Given records:

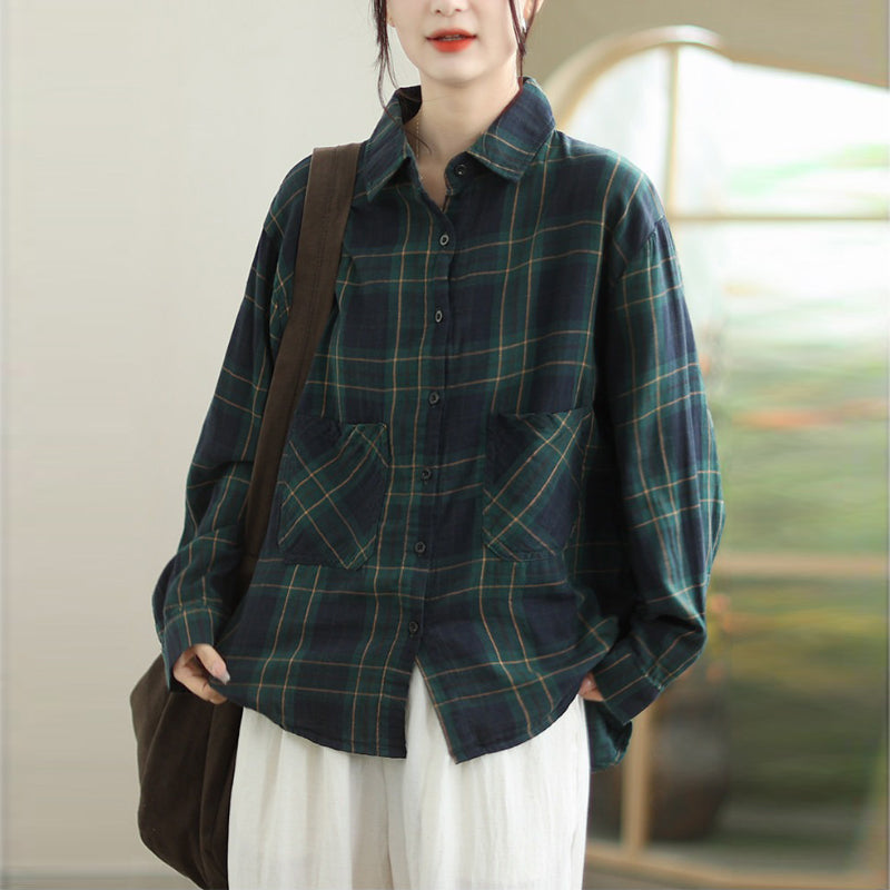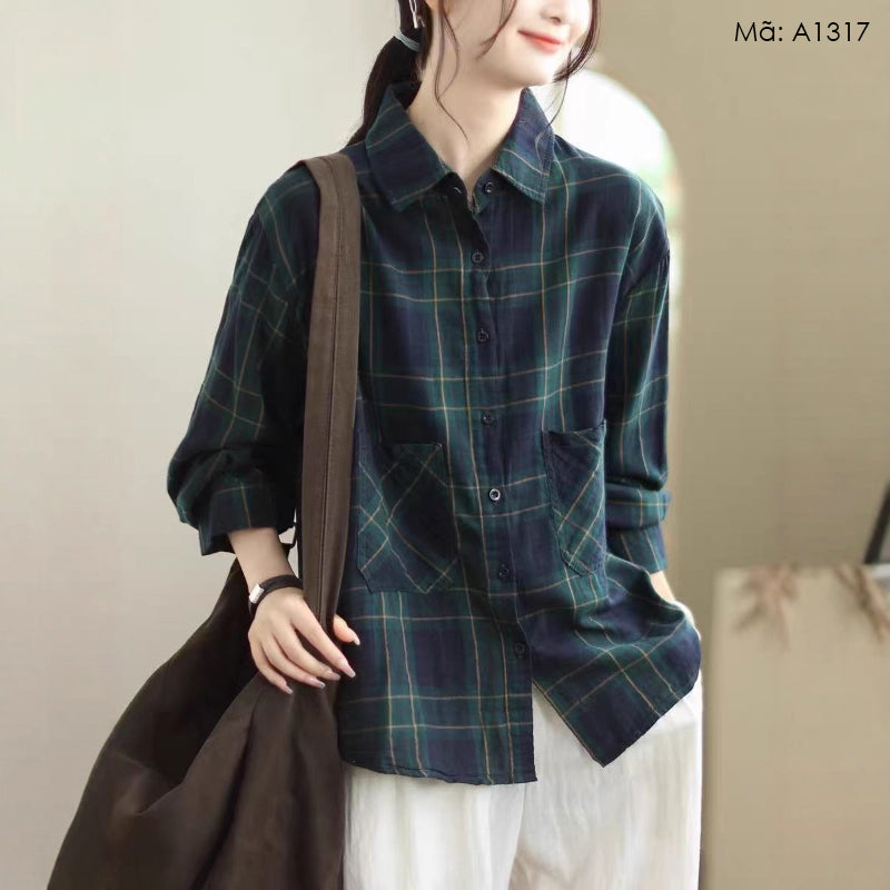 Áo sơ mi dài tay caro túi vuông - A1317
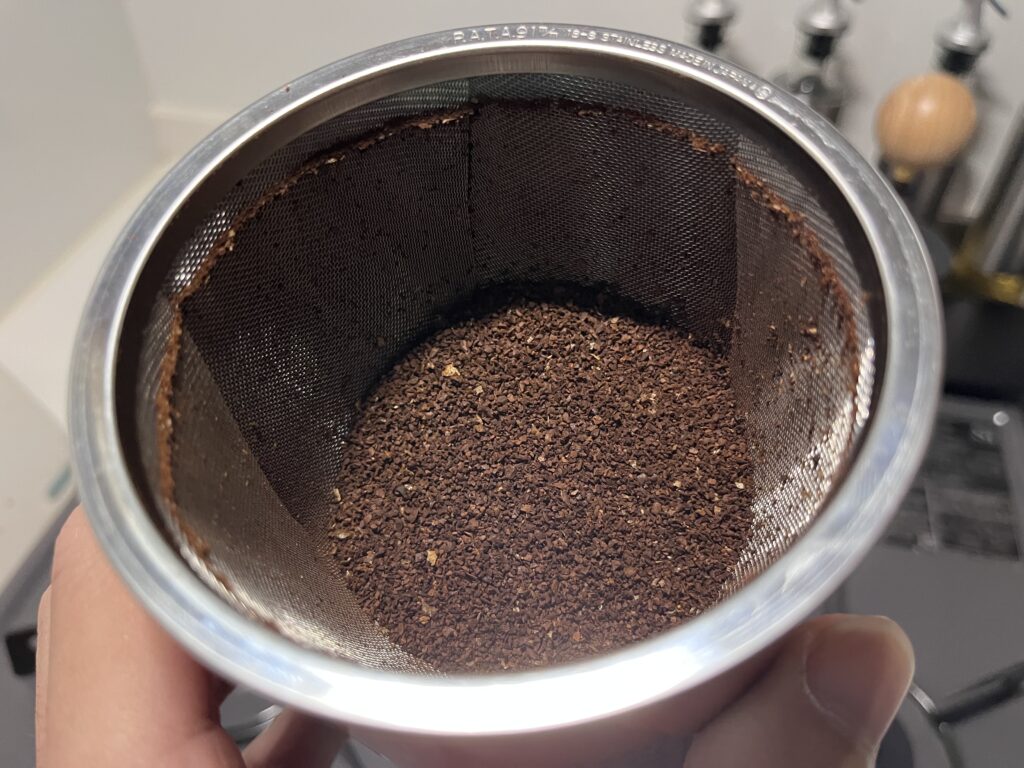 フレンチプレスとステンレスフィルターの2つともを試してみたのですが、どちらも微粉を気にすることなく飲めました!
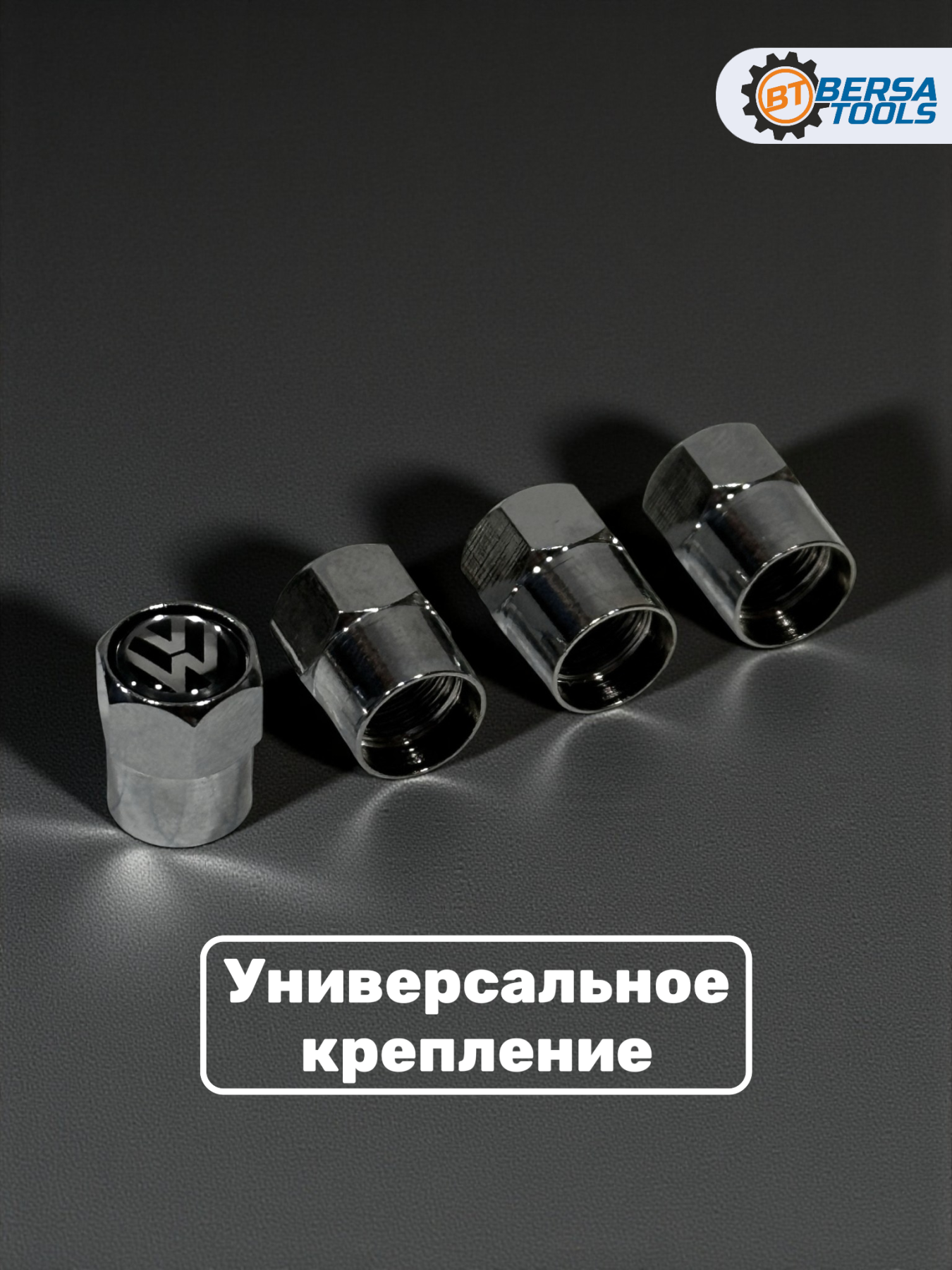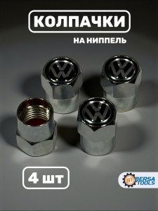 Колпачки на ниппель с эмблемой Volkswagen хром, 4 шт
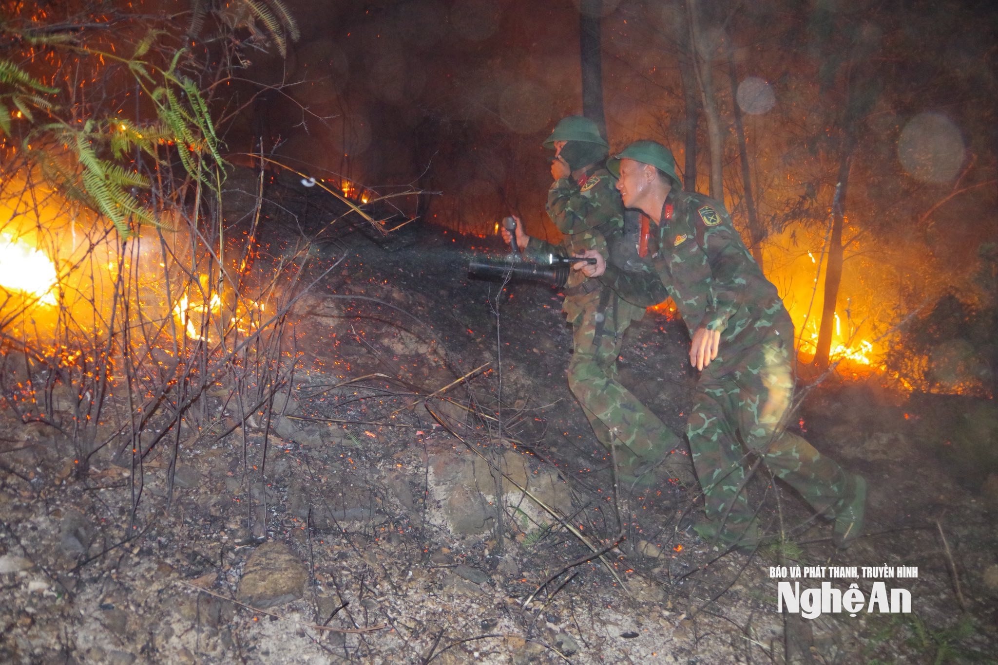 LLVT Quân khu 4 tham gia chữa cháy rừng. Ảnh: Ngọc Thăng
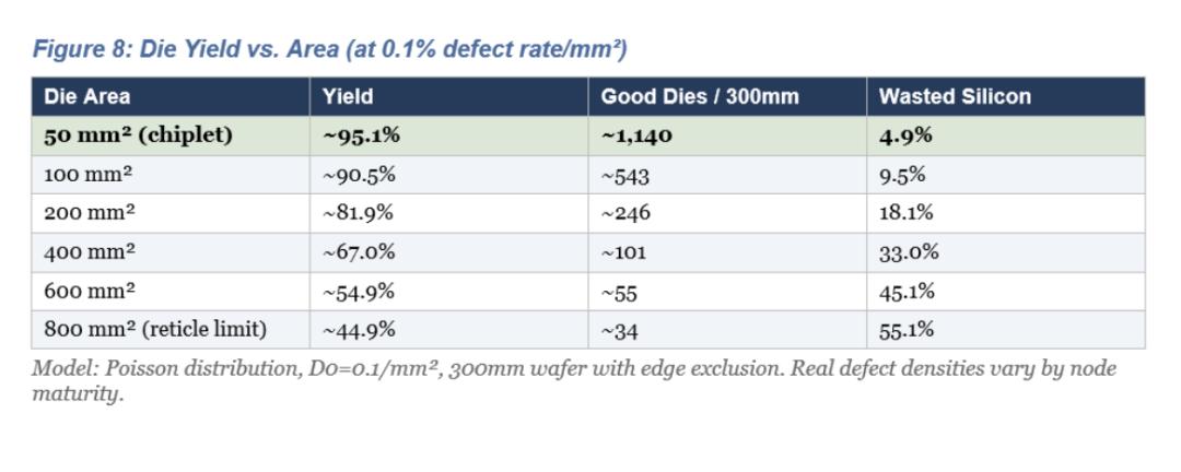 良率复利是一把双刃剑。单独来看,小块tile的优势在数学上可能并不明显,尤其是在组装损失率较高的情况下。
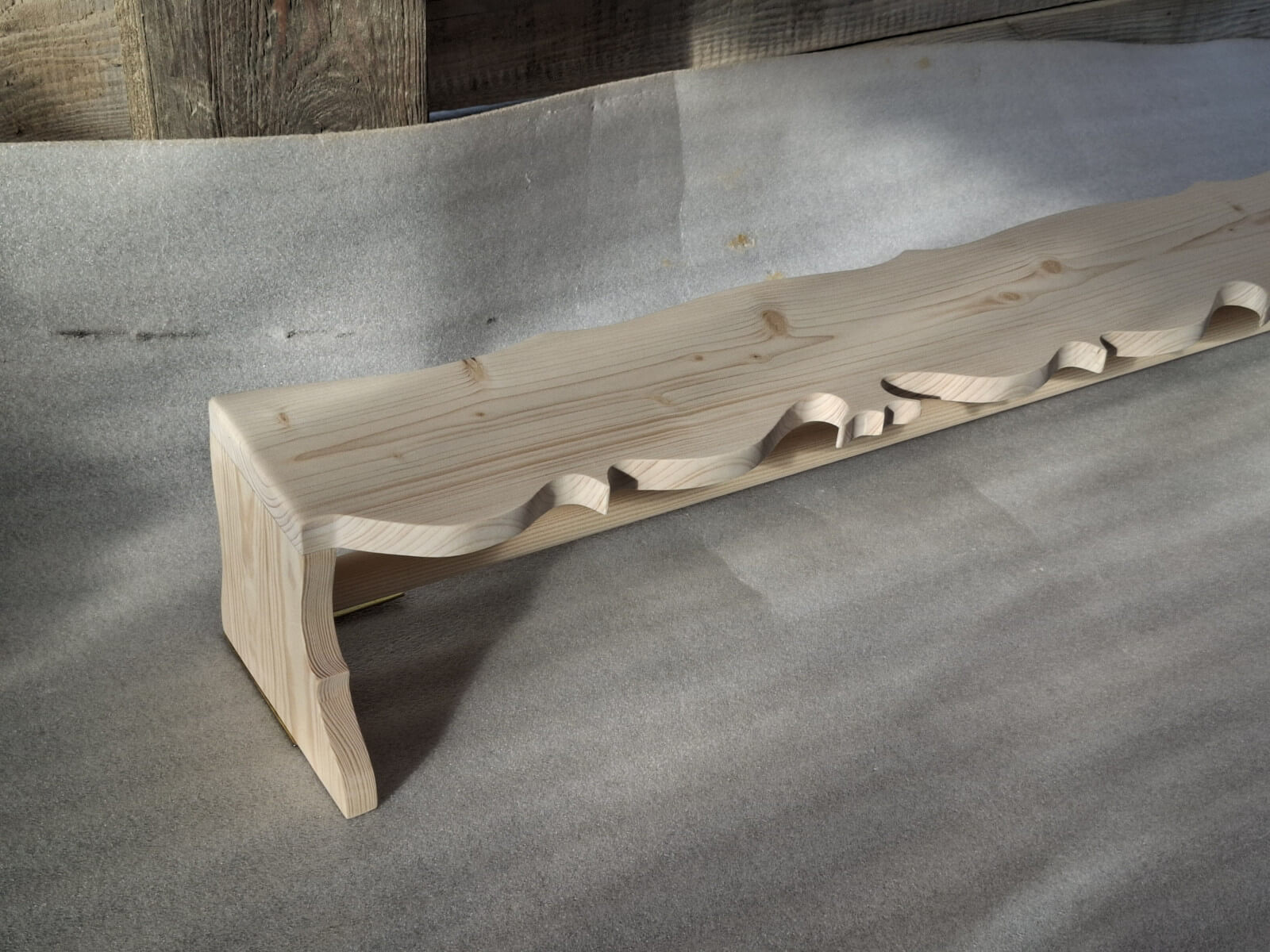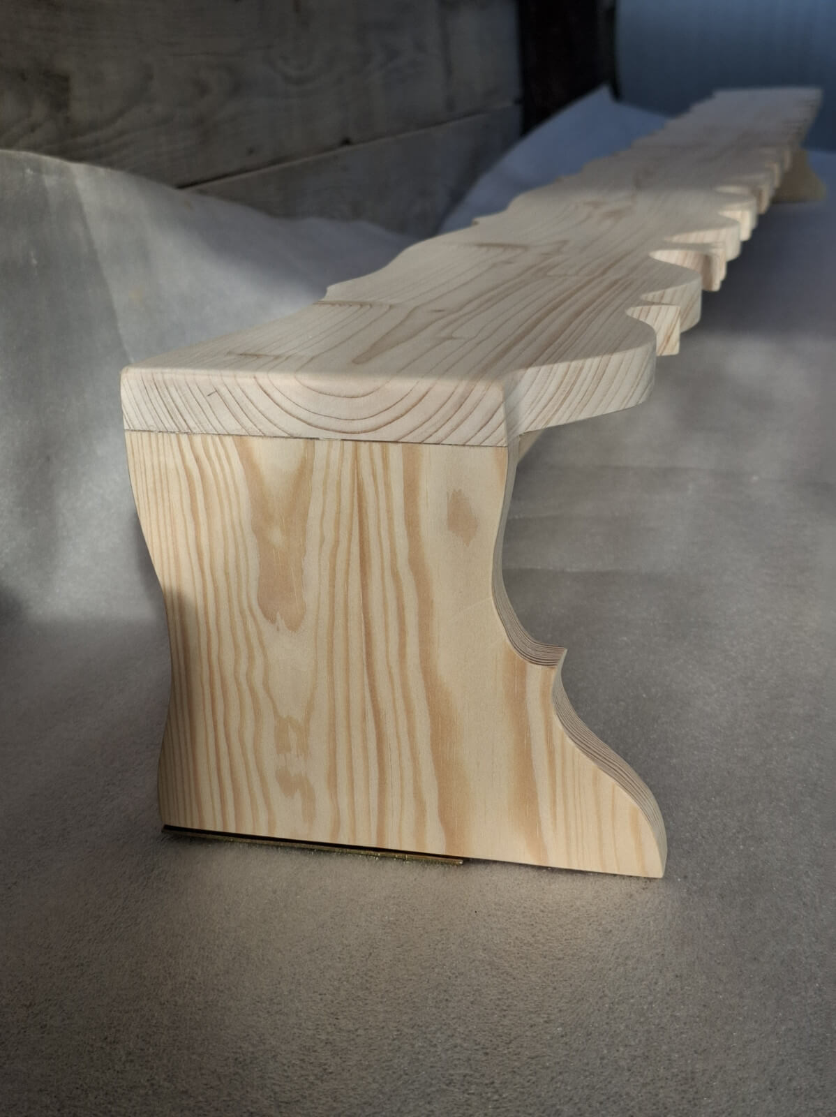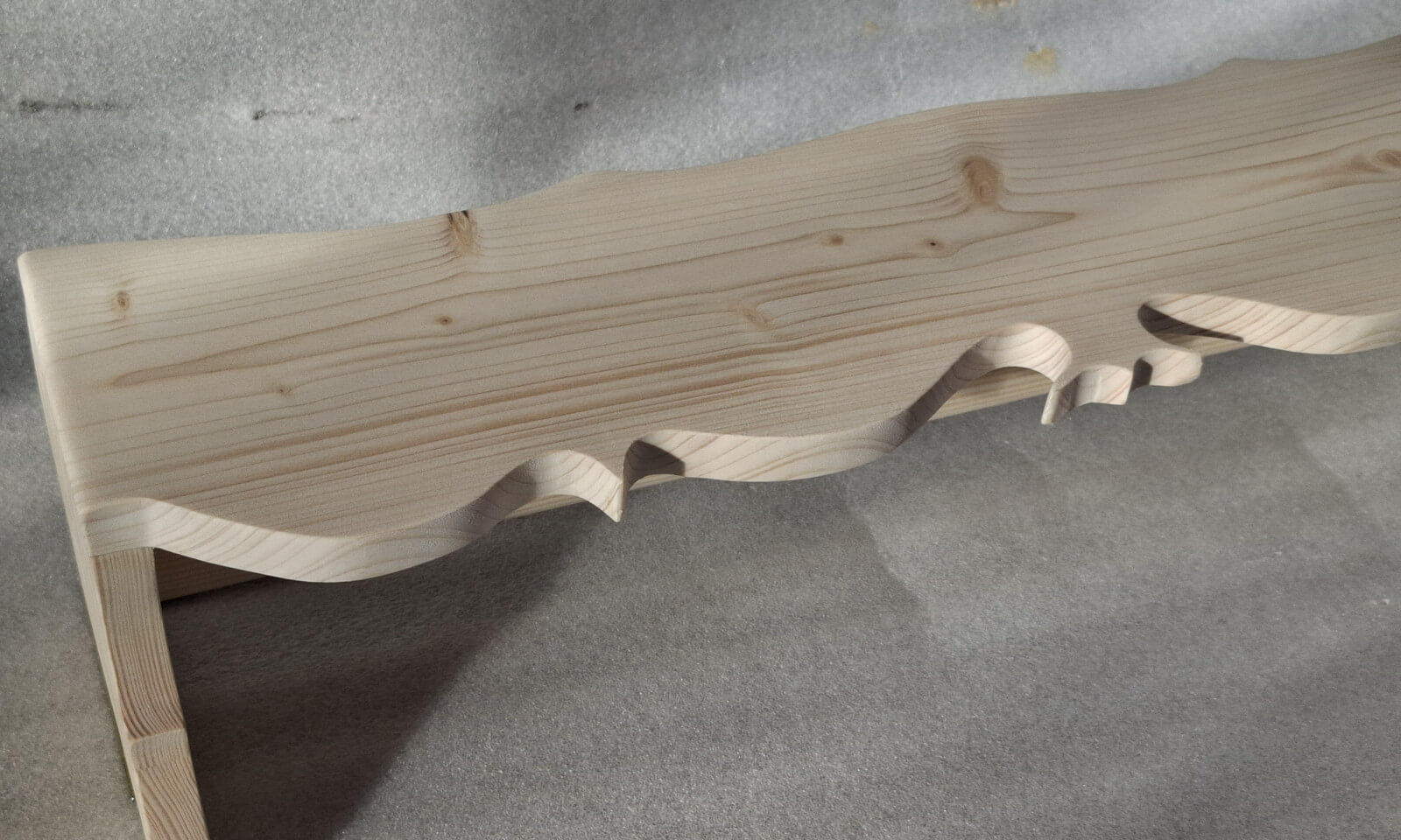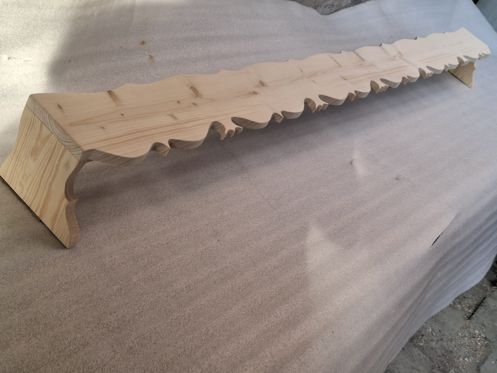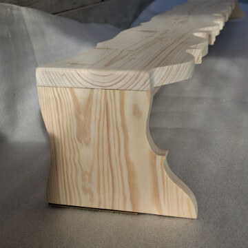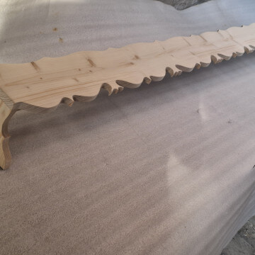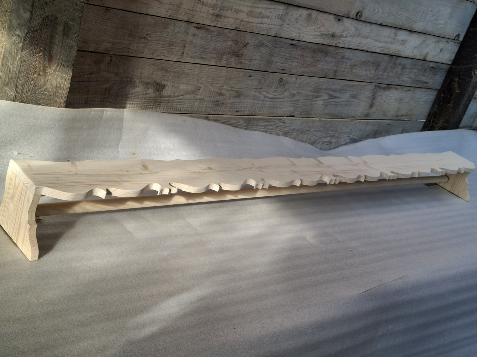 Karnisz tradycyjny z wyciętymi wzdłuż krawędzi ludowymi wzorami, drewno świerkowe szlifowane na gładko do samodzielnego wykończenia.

Problem requirements:
Would you please output each record exactly, leaving the images out?

Solved exercise:
 Áo sơ mi dài tay caro túi vuông - A1317
 フレンチプレスとステンレスフィルターの2つともを試してみたのですが、どちらも微粉を気にすることなく飲めました!
 Колпачки на ниппель с эмблемой Volkswagen хром, 4 шт
 LLVT Quân khu 4 tham gia chữa cháy rừng. Ảnh: Ngọc Thăng
 良率复利是一把双刃剑。单独来看,小块tile的优势在数学上可能并不明显,尤其是在组装损失率较高的情况下。
 Karnisz tradycyjny z wyciętymi wzdłuż krawędzi ludowymi wzorami, drewno świerkowe szlifowane na gładko do samodzielnego wykończenia.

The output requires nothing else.